After hearing the evidence, Arbitrator Grey dismissed a number of the specifications. However he ultimately found merit to several others and upheld the termination. He concluded that the teacher "was unable to provide a valid educational experience for the students assigned to her classroom"  and that her "classrooms bordered on anarchy and had an unwarranted and unacceptable potential for danger that no student should be required to endure...." .The teacher sought to vacate the arbitrator's award, claiming that the process was biased, that  had been denied due process, that the decision was arbitrary and that the penalty was "shocking to the conscience"

The Supreme Court (the state's trial level court) rejected all of these claims. The court found neither  bias nor the appearance of bias and noted that the record showed the arbitrator "dismissed some of the specifications against [the teacher] because the conduct charged by school officials either did not rise to the level of the specification alleged, or  respondent had not met its burden of establishing [the teacher's] guilt of that charge. The remaining specifications that were not dismissed are well documented in that many of the exhibits that petitioner herself has provided in support of her petition." Among the specifications dismissed were allegations that the teacher had not provided "bell to bell" instruction and an allegation that she had :threatened to pass gas if students continued to converse in class. Supported, however, were allegations that she had failed to effectively manage and control her classroom, failed to maintain a "late log" and what Arbitrator Grey described as the teacher's "repeated failure to implement advice, counsel, instruction and recommendations..." concerning lesson planning , classroom instruction and classroom management.
Arbitrator Grey also rejected the teachers claim of disparate treatment

The court upheld Arbitrator Grey's award, concluding:

     The determination to terminate petitioner from employment is firmly supported by the extensive documentation of her incompetence. Therefore, the penalty imposed does not shock the conscience or one's sense of fairness.
     In view of the forgoing, respondent has met its burden of showing that petitioner does not demonstrate any statutory basis for vacating or modyfyibg the ward, and therefore, failed to state a cause of action. ... Furthermore, respondent has shown the hearing officer's award has a rational basis. Having failed to state a cause of action, respondent's cross motion for the dismissal of the petition is granted.

 The Supreme Court's opinion can be found here. The Appellate Division opinions affirming the decision and denying leave to appeal can be found here and here (p.64).


In contrast, a Supreme Court judge has overturned an award of Arbitrator Alan Berg upholding the termination of a teacher who was found in possession of 20 glassine bags of heroin as he was reporting for jury duty.

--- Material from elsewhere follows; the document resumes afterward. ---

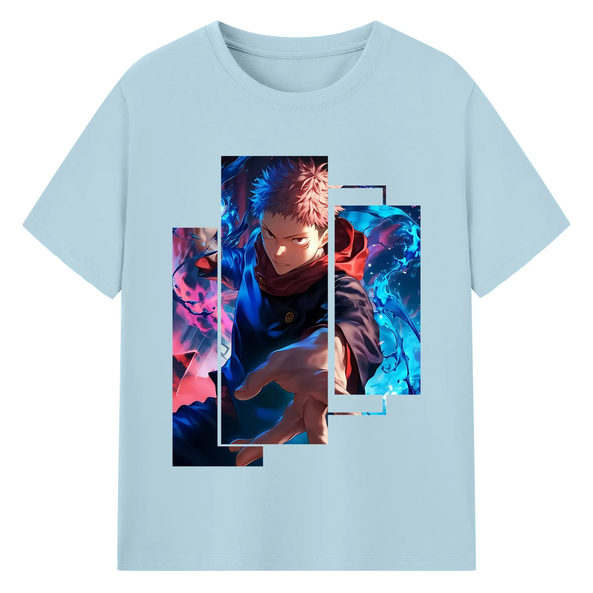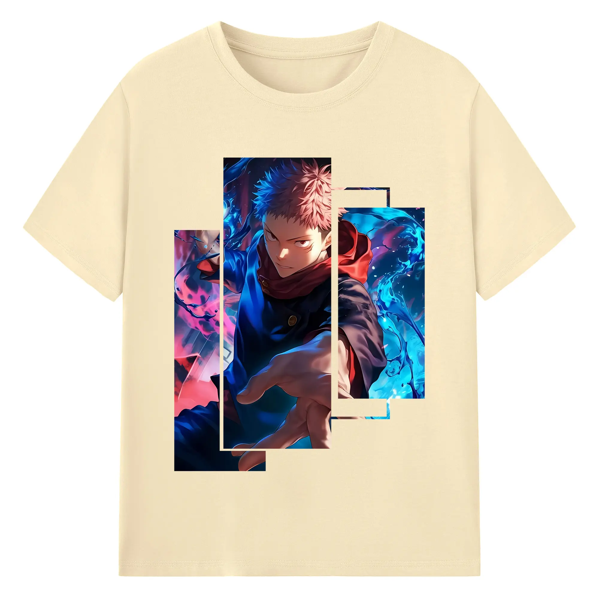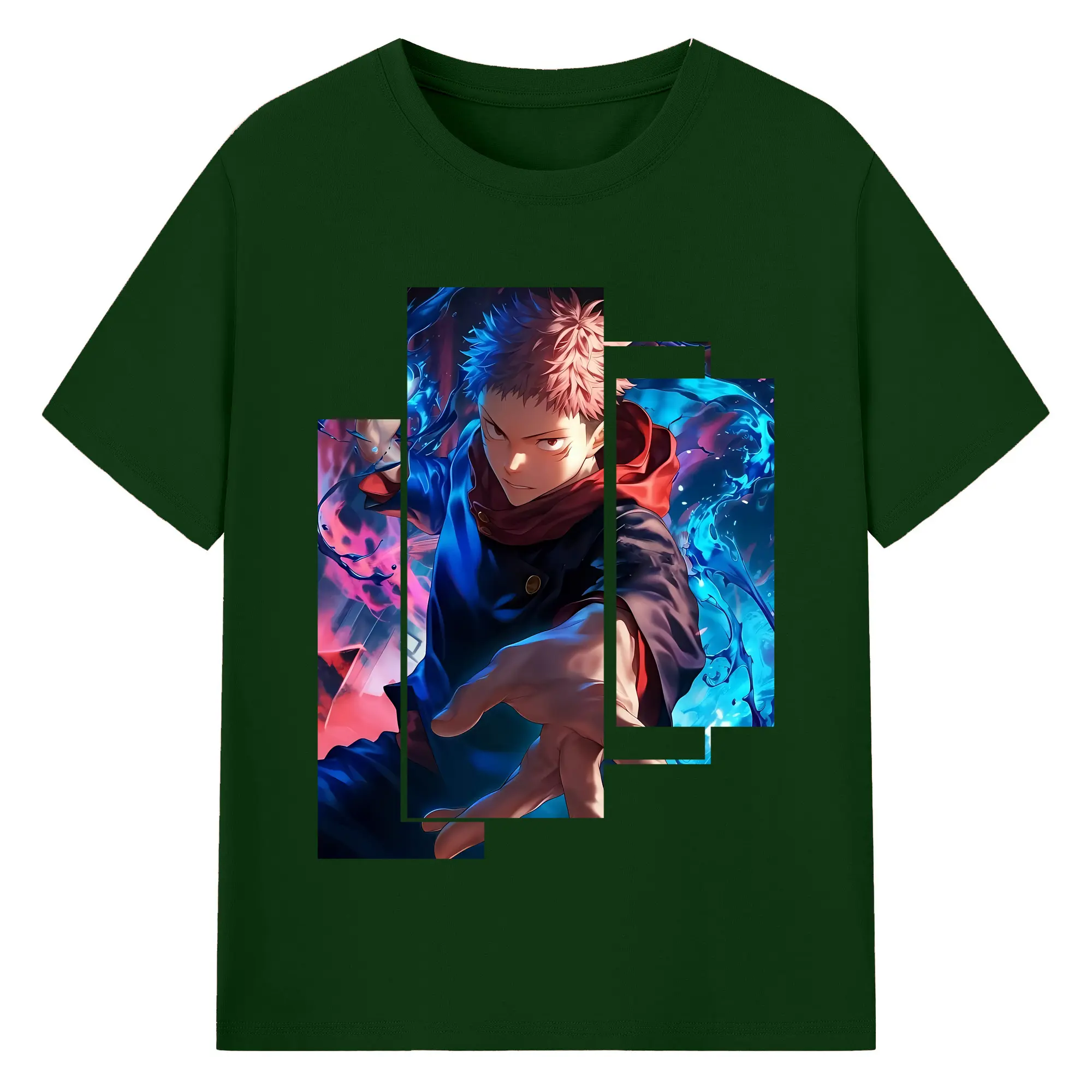 呪術廻戦 グッズ,虎杖 悠仁 - 綿100% 半袖Tシャツ ・ バックプリント ・ 快適 通気性 ・ 日常使い 散歩 スポーツ用

Arbitrator Berg concluded that the teacher had subjected himself and the Department of Education to widespread ridicule, "compromising his ability to retain the respect of students and thereby throwing away his ability to be an effective teacher...." He noted that the teacher's conduct left the DOE with no way to know if the teacher had brought the same drugs to school.

Judge Manuel Mendez overturned the arbitrator's award, concluding:

Petitioner herein … was charged with Criminal Possession of a Controlled substance in the Seventh Degree 9a Misdemeanor),  and immediately at arraignment was given an Adjournment in Contemplation of Dismissal. After six months the charges were dismissed and the record sealed. The arrest was not for conduct at the school site or involving any of its students. There is no evidence that he as a criminal record, had been arrested before or since this one incident. There is no evidence that this one arrest or the publicity it generated has impaired his ability to reach, or that he has lost the respect of his students, or can be perceived by his students as a responsible adult to whom they pay attention. Petitioner has admitted he has a substance abuse problem; the arrest is a manifestation of that problem; he is receiving treatment for that problem and is progressing in his treatment. Under these facts, termination of employment is unduly harsh, an abuse of discretion and shocking to this court’s sense of fairness.

Judge Mendez's opinion can be found here.